* _About this exercise_: The pictures stay out. Please retype every line below exactly.

Collection entries:
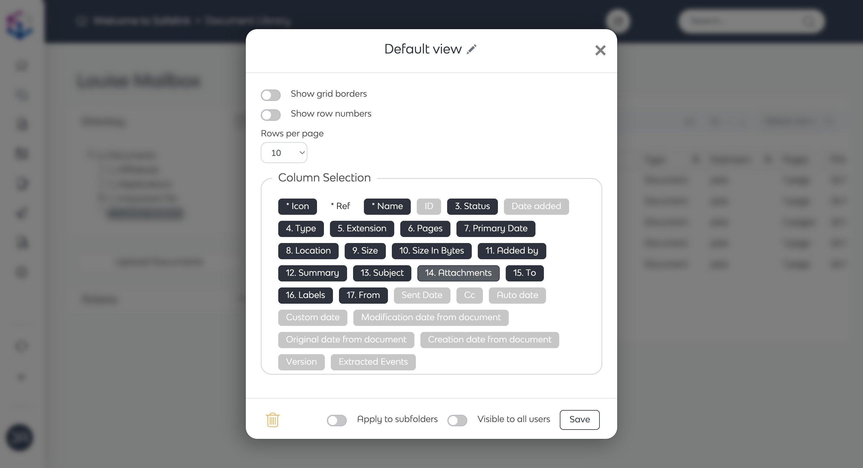 Neatly view email attachments in Grid View. Just add the 'Attachment' column to your files to access a view of your email attachments.
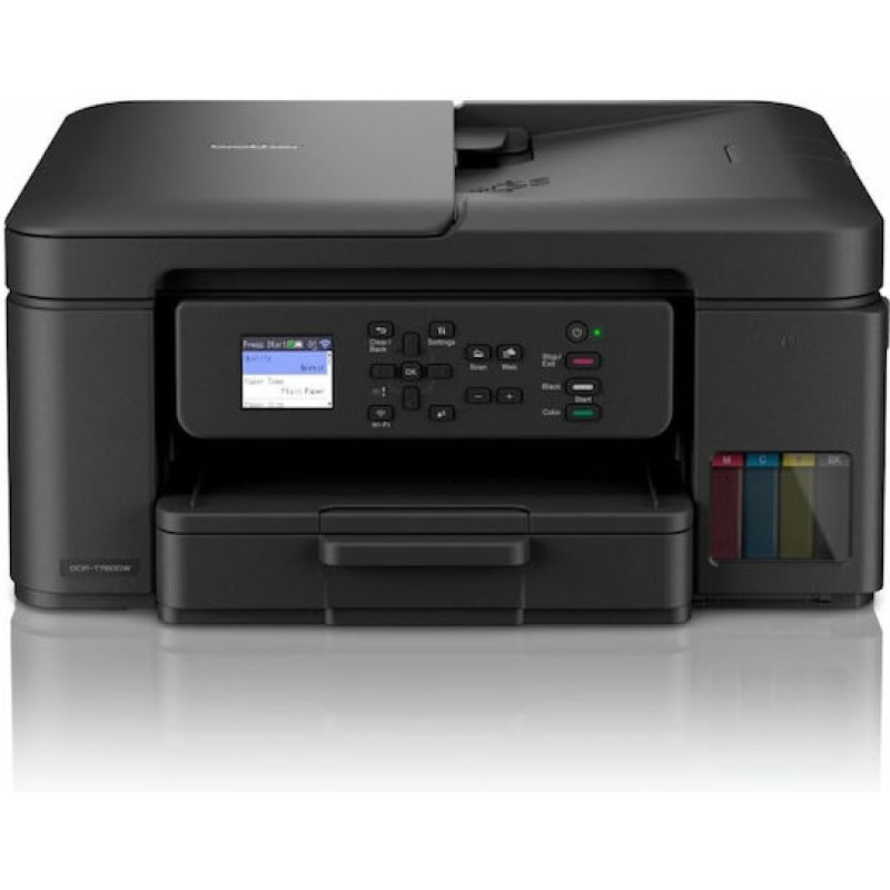 Η Brother DCP-T780DW είναι μια πολυλειτουργική συσκευή που προσφέρει εκτύπωση, αντιγραφή και σάρωση με υψηλή απόδοση και χαμηλό κόστος. Διαθέτει σύστημα συνεχούς τροφοδοσίας μελανιού, επιτρέποντας στους χρήστες να εκτυπώνουν μεγάλο αριθμό σελίδων χωρίς να ανησυχούν για συχνές αναγκαίες αλλαγές μελανιών. Η ποιότητα εκτύπωσης είναι εξαιρετική, με ανάλυση έως 1200 x 6000 dpi, προσφέροντας καθαρές και ευκρινείς εκτυπώσεις. Η συσκευή υποστηρίζει Wi-Fi και συνδεσιμότητα μέσω εφαρμογών όπως το Brother iPrint&Scan, AirPrint και Google Cloud Print, διευκολύνοντας την εκτύπωση από κινητές συσκευές και άλλες συνδεδεμένες πλατφόρμες. Ενσωματώνει επίσης αυτόματη τροφοδοσία εγγράφων (ADF) και διπλή όψη εκτύπωσης, προσφέροντας καλύτερη αποδοτικότητα και εξοικονόμηση χαρτιού.
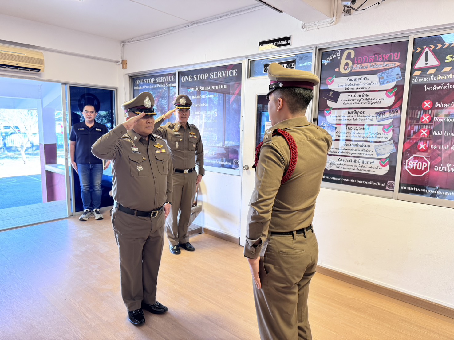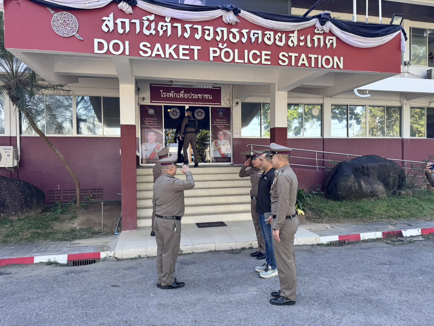 พ.ต.อ.สมชาย เขียวจักร์ รอง ผบก.ภ.จว.เชียงใหม่ ได้มาตรวจเยี่ยม สภ.ดอยสะเก็ด พบ พ.ต.อ.ศุภชัย จันทรา ผกก.สภ.ดอยสะเก็ด, พ.ต.ท.วิมล วงศ์สิงห์ รอง ผกก.ป.สภ.ดอยสะเก็ด พร้อมกำลังข้าราชการตำรวจ เสมียนประจำวัน สิบเวร พนักงานวิทยุ อยู่ปฏิบัติหน้าที่เรียบร้อย
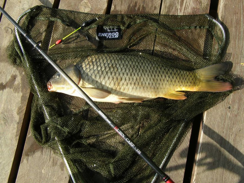 Dostatočne pevné náčinie s ľahkosťou skrotilo bojovného kapríka, ktorého som po krátkom súboji bez problémov priviedol do podberáka.
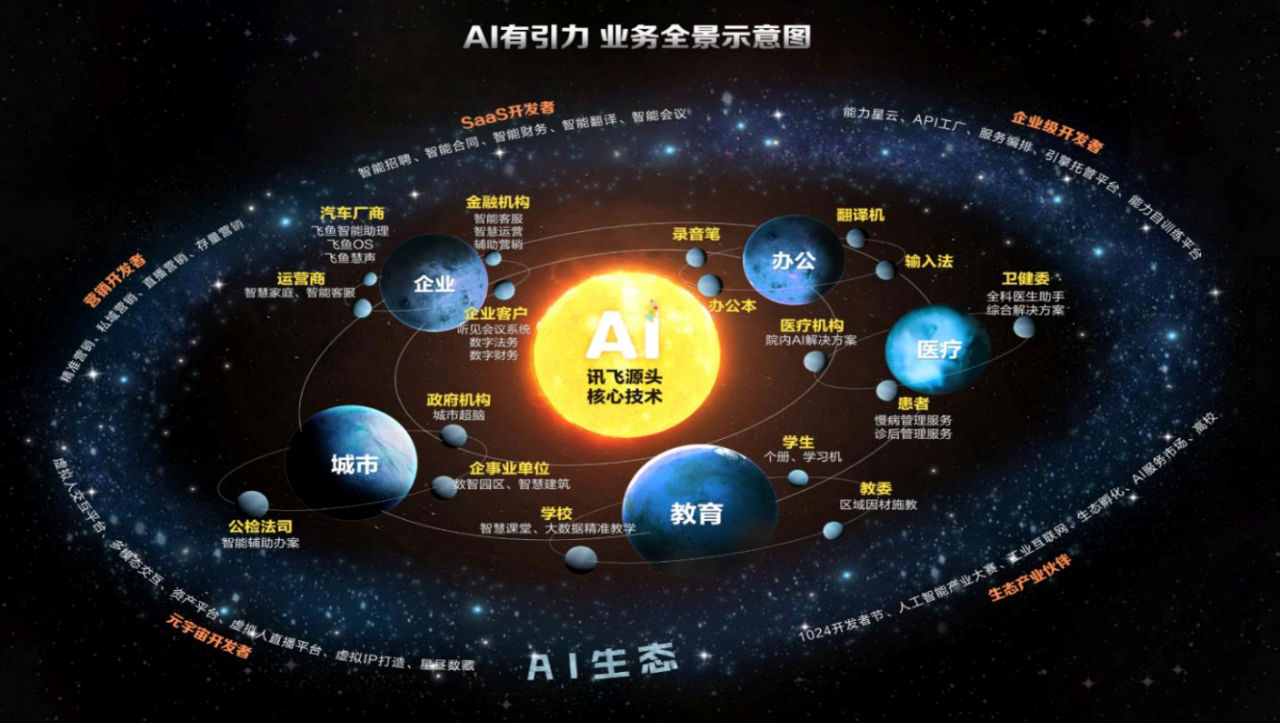 可能是科大讯飞自己也怕投资者一头雾水,特意在年报做了一张宇宙感十足的图,解释各业务逻辑关系。

* _Answer to this exercise_:
 Neatly view email attachments in Grid View. Just add the 'Attachment' column to your files to access a view of your email attachments.
 Η Brother DCP-T780DW είναι μια πολυλειτουργική συσκευή που προσφέρει εκτύπωση, αντιγραφή και σάρωση με υψηλή απόδοση και χαμηλό κόστος. Διαθέτει σύστημα συνεχούς τροφοδοσίας μελανιού, επιτρέποντας στους χρήστες να εκτυπώνουν μεγάλο αριθμό σελίδων χωρίς να ανησυχούν για συχνές αναγκαίες αλλαγές μελανιών. Η ποιότητα εκτύπωσης είναι εξαιρετική, με ανάλυση έως 1200 x 6000 dpi, προσφέροντας καθαρές και ευκρινείς εκτυπώσεις. Η συσκευή υποστηρίζει Wi-Fi και συνδεσιμότητα μέσω εφαρμογών όπως το Brother iPrint&Scan, AirPrint και Google Cloud Print, διευκολύνοντας την εκτύπωση από κινητές συσκευές και άλλες συνδεδεμένες πλατφόρμες. Ενσωματώνει επίσης αυτόματη τροφοδοσία εγγράφων (ADF) και διπλή όψη εκτύπωσης, προσφέροντας καλύτερη αποδοτικότητα και εξοικονόμηση χαρτιού.
 พ.ต.อ.สมชาย เขียวจักร์ รอง ผบก.ภ.จว.เชียงใหม่ ได้มาตรวจเยี่ยม สภ.ดอยสะเก็ด พบ พ.ต.อ.ศุภชัย จันทรา ผกก.สภ.ดอยสะเก็ด, พ.ต.ท.วิมล วงศ์สิงห์ รอง ผกก.ป.สภ.ดอยสะเก็ด พร้อมกำลังข้าราชการตำรวจ เสมียนประจำวัน สิบเวร พนักงานวิทยุ อยู่ปฏิบัติหน้าที่เรียบร้อย
 Dostatočne pevné náčinie s ľahkosťou skrotilo bojovného kapríka, ktorého som po krátkom súboji bez problémov priviedol do podberáka.
 可能是科大讯飞自己也怕投资者一头雾水,特意在年报做了一张宇宙感十足的图,解释各业务逻辑关系。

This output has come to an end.